## Saved entries
....

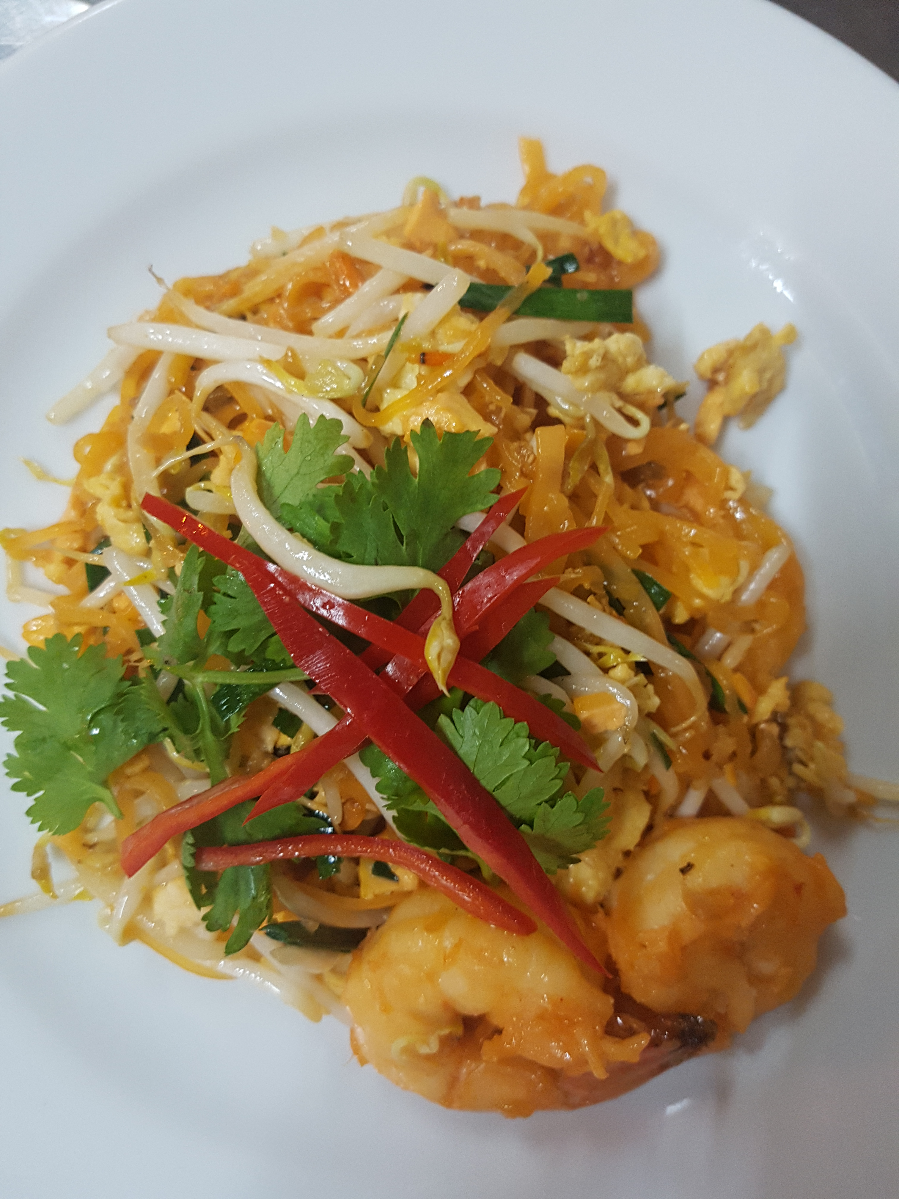 The popular Ghost Gate Phat Thai (ผัดไทยประตูผี) of Thip Samai Shop (ทิพย์สมัย), located at the Ghost Gate (ประตูผี) in Phra Nakhon District, Bangkok, Thailand. However, as a native Thai (and a phat thai lover), I have to say that their phat thai was not as good as reputed -- it literally tasted like vomit...
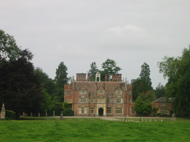 Heydon Hall This fine home was built in 1581 and despite some additions over the centuries it has now been restored to its original condition. It stands in its own grounds and the nearby village of Heydon is one of only 12 that are privately owned in the UK. It belongs to the Buler Long family who have been here since the 17th Century. No one will be surprised to know it is popular with film-makers who are looking for character locations.
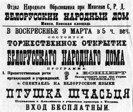 Belarussian Folk House. Playbill
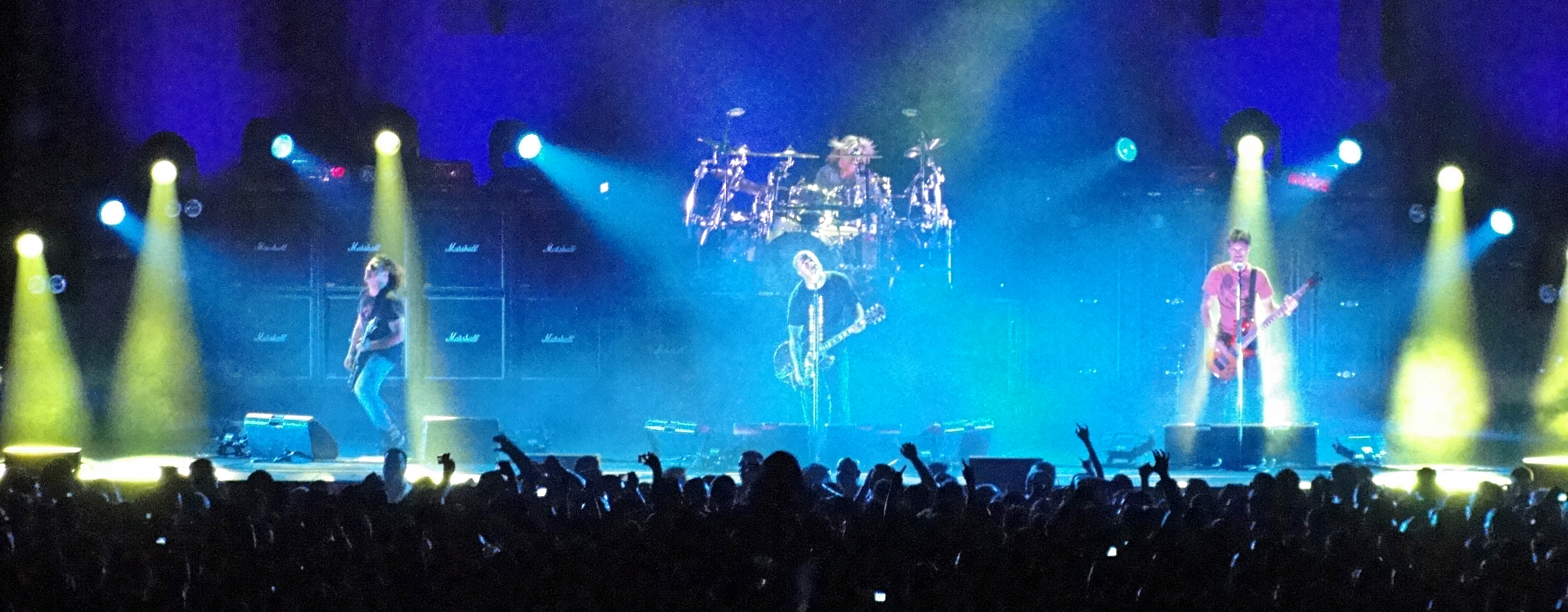 Staind live at the LEC in Laredo, Texas
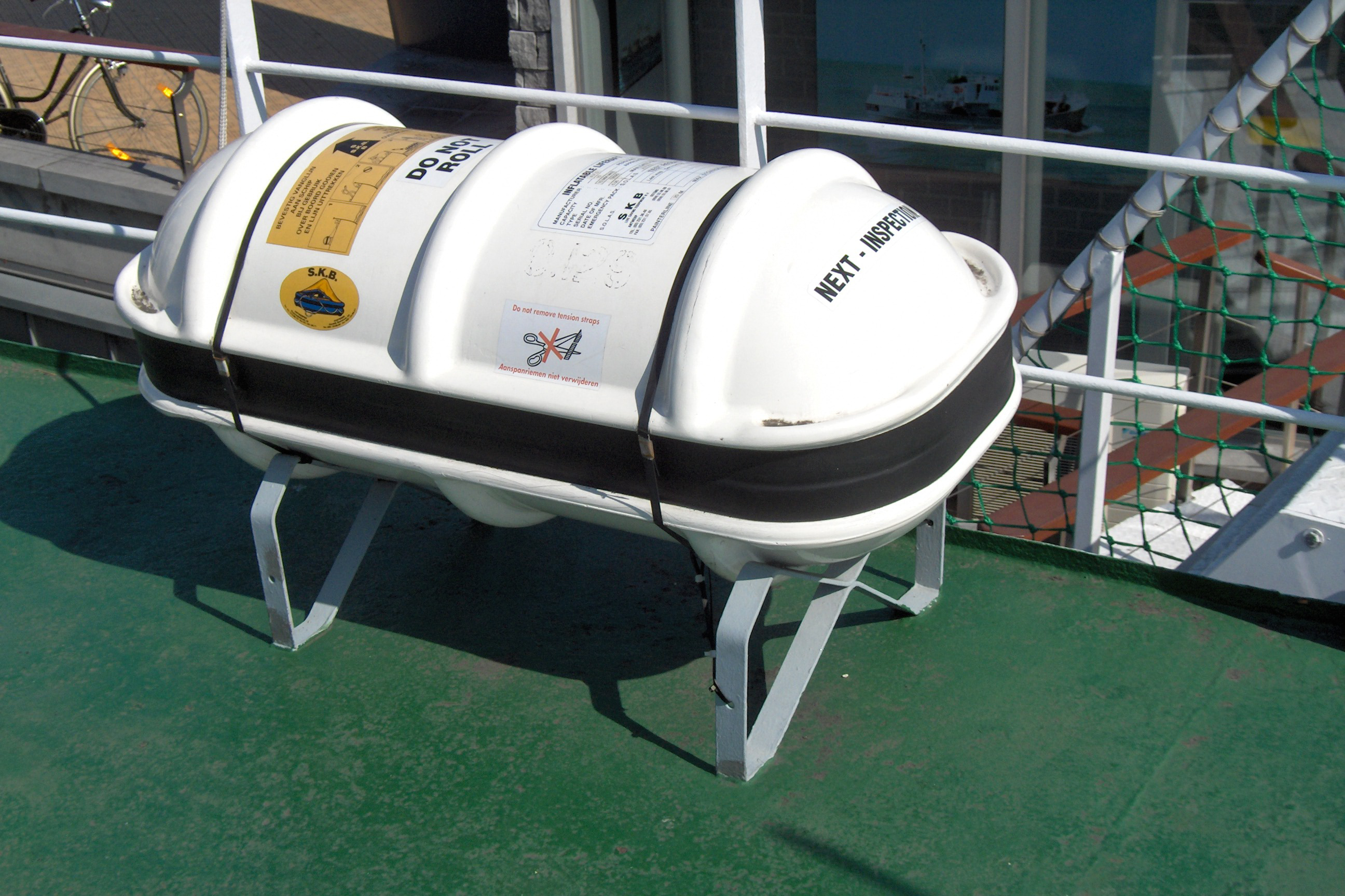 Inflatable lifeboat - the O129.Amandine is a former trawler fishing in Icelandic waters. It now has become a maritime museum in Oostende, Belgium
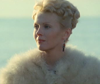 screenshot from the film Camorra (1972)
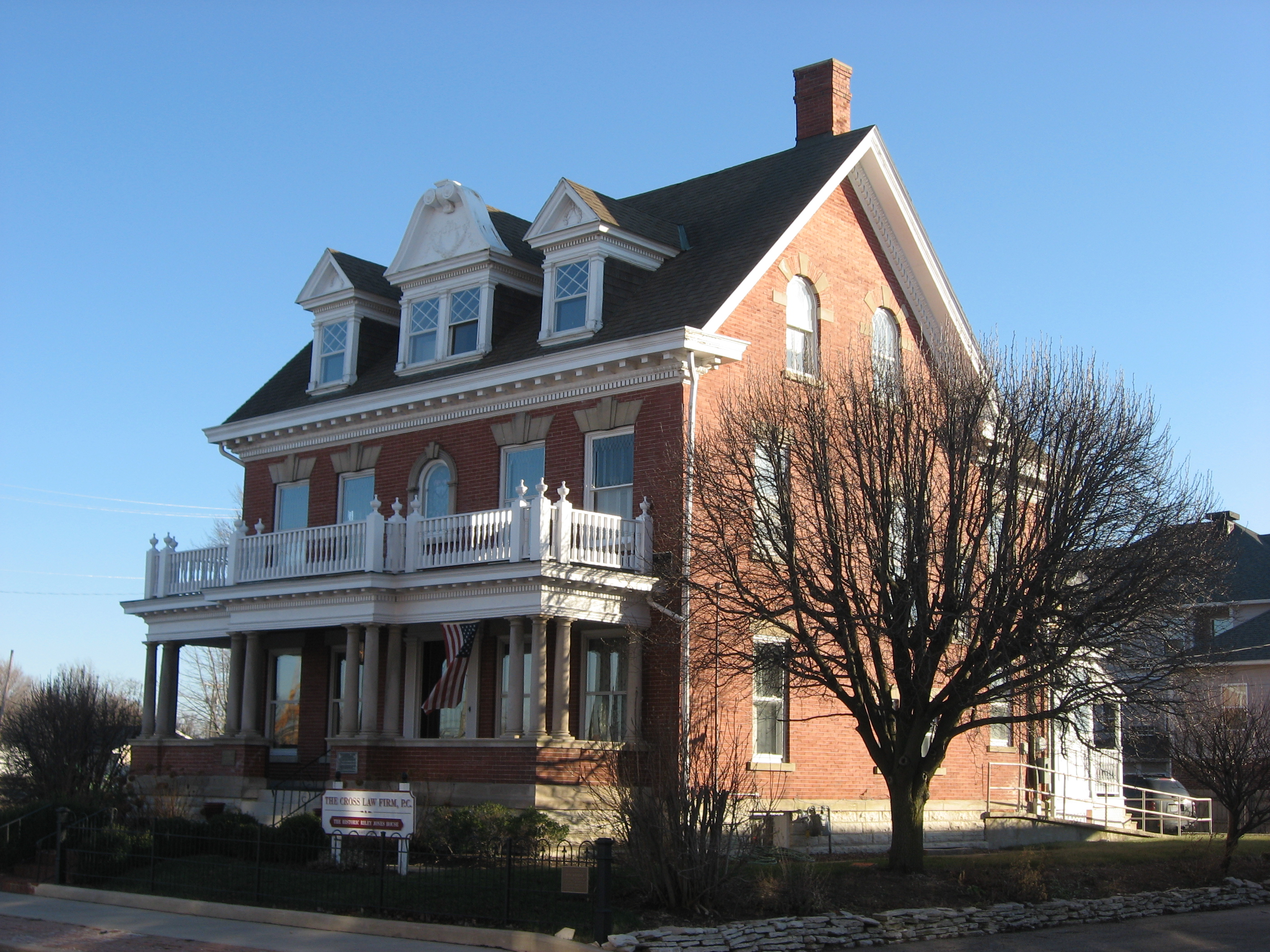 Front and western side of the Margaret and George Riley Jones House, located at 315 E. Charles Street in Muncie, Indiana, United States. Built in 1901, it is listed on the National Register of Historic Places.
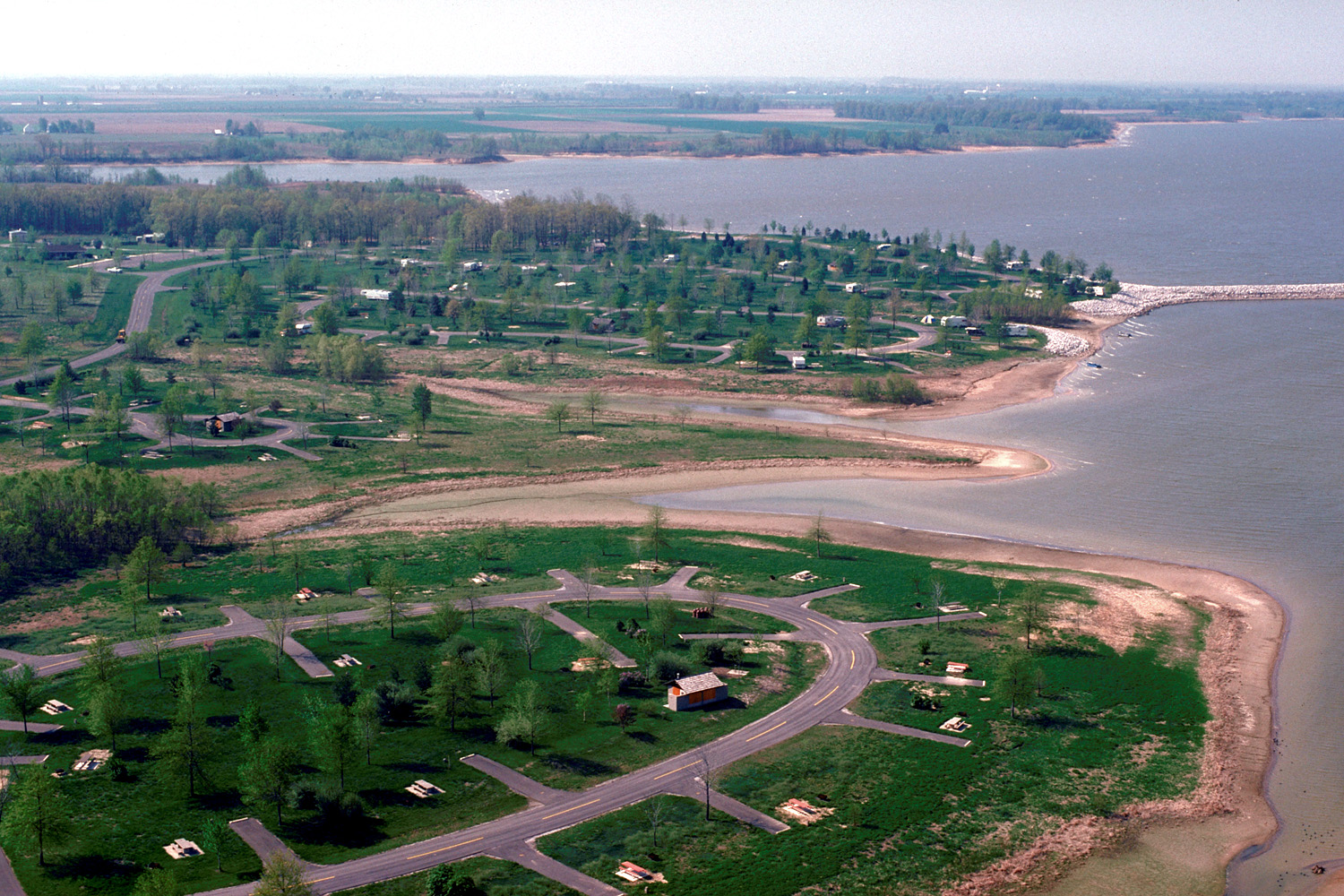 Aerial view of Carlyle Lake in Clinton County, Illinois, USA. The lake is impounded behind Carlyle Dam on the Kaskaskia River. The dam was constructed by the U.S. Army Corps of Engineers to create a water reservoir. The photograph shows the Coles Creek Recreation Area on the lake. Coordinates: 38°39′20.42″N 89°15′55.97″W / 38.6556722°N 89.2655472°W

....

## TASK TO CARRY OUT
Since the pictures don't belong in the copy, copy only the rest of the entries above exactly.

## OUTPUT FOR THIS TASK
 The popular Ghost Gate Phat Thai (ผัดไทยประตูผี) of Thip Samai Shop (ทิพย์สมัย), located at the Ghost Gate (ประตูผี) in Phra Nakhon District, Bangkok, Thailand. However, as a native Thai (and a phat thai lover), I have to say that their phat thai was not as good as reputed -- it literally tasted like vomit...
 Heydon Hall This fine home was built in 1581 and despite some additions over the centuries it has now been restored to its original condition. It stands in its own grounds and the nearby village of Heydon is one of only 12 that are privately owned in the UK. It belongs to the Buler Long family who have been here since the 17th Century. No one will be surprised to know it is popular with film-makers who are looking for character locations.
 Belarussian Folk House. Playbill
 Staind live at the LEC in Laredo, Texas
 Inflatable lifeboat - the O129.Amandine is a former trawler fishing in Icelandic waters. It now has become a maritime museum in Oostende, Belgium
 screenshot from the film Camorra (1972)
 Front and western side of the Margaret and George Riley Jones House, located at 315 E. Charles Street in Muncie, Indiana, United States. Built in 1901, it is listed on the National Register of Historic Places.
 Aerial view of Carlyle Lake in Clinton County, Illinois, USA. The lake is impounded behind Carlyle Dam on the Kaskaskia River. The dam was constructed by the U.S. Army Corps of Engineers to create a water reservoir. The photograph shows the Coles Creek Recreation Area on the lake. Coordinates: 38°39′20.42″N 89°15′55.97″W / 38.6556722°N 89.2655472°W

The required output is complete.